* Task item *
From the entries below, print exactly the span beginning with the line holding "Reggeli Újság, 14." and ending with the line holding "Het perceel waarop", endpoints included, and skip any pictures.

* Dataset extract *
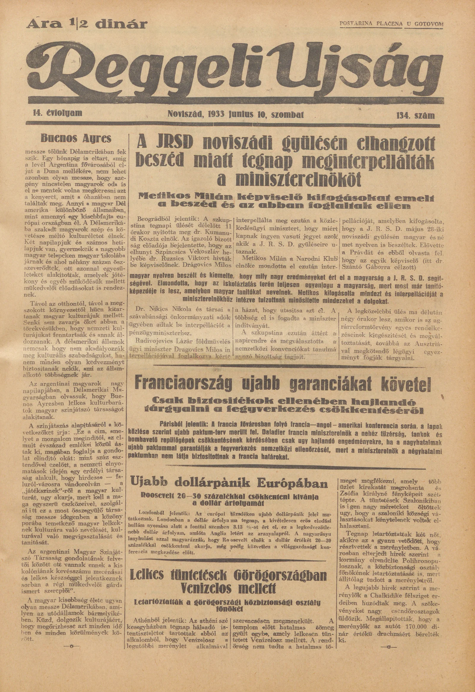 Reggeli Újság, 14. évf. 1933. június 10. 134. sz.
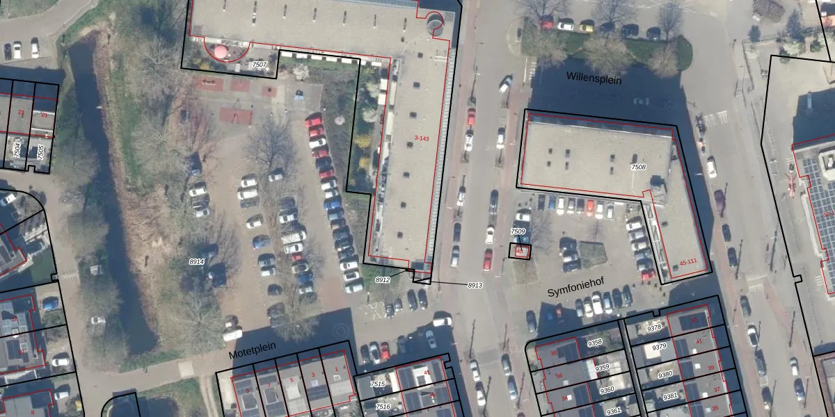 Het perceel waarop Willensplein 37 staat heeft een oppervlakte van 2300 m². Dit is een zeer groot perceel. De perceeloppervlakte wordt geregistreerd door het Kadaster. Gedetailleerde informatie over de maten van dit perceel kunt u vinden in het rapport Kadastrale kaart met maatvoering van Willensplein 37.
---
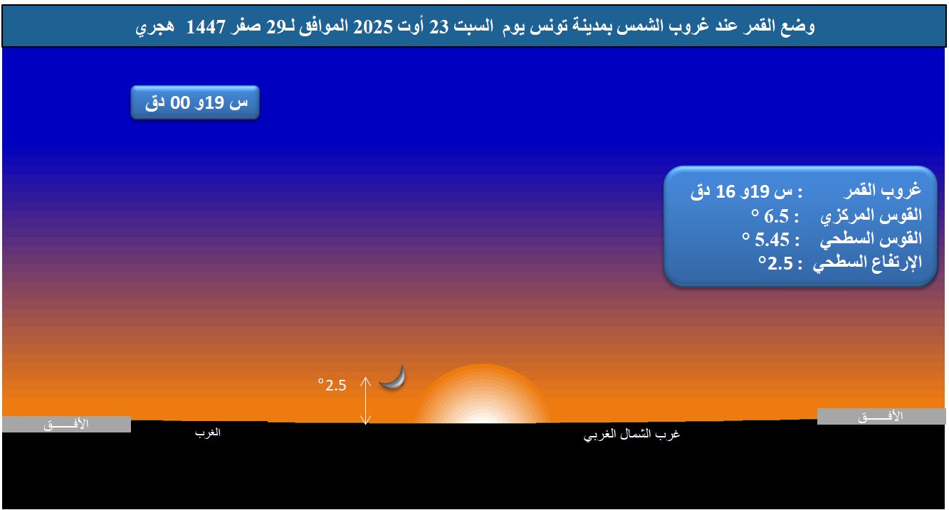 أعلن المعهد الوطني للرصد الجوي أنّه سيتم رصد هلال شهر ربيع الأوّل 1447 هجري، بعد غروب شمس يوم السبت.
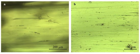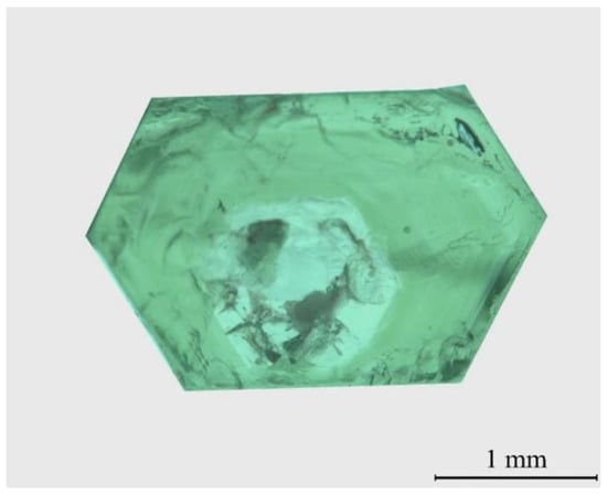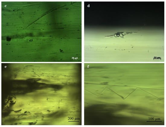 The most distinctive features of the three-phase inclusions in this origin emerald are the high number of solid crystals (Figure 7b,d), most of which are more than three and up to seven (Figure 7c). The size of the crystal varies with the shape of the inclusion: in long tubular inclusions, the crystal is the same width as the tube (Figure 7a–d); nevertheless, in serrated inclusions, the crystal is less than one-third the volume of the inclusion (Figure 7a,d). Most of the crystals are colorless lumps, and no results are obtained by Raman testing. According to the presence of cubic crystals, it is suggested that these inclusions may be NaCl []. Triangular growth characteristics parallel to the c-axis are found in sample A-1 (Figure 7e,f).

* Answer for the task *
 Reggeli Újság, 14. évf. 1933. június 10. 134. sz.
 Het perceel waarop Willensplein 37 staat heeft een oppervlakte van 2300 m². Dit is een zeer groot perceel. De perceeloppervlakte wordt geregistreerd door het Kadaster. Gedetailleerde informatie over de maten van dit perceel kunt u vinden in het rapport Kadastrale kaart met maatvoering van Willensplein 37.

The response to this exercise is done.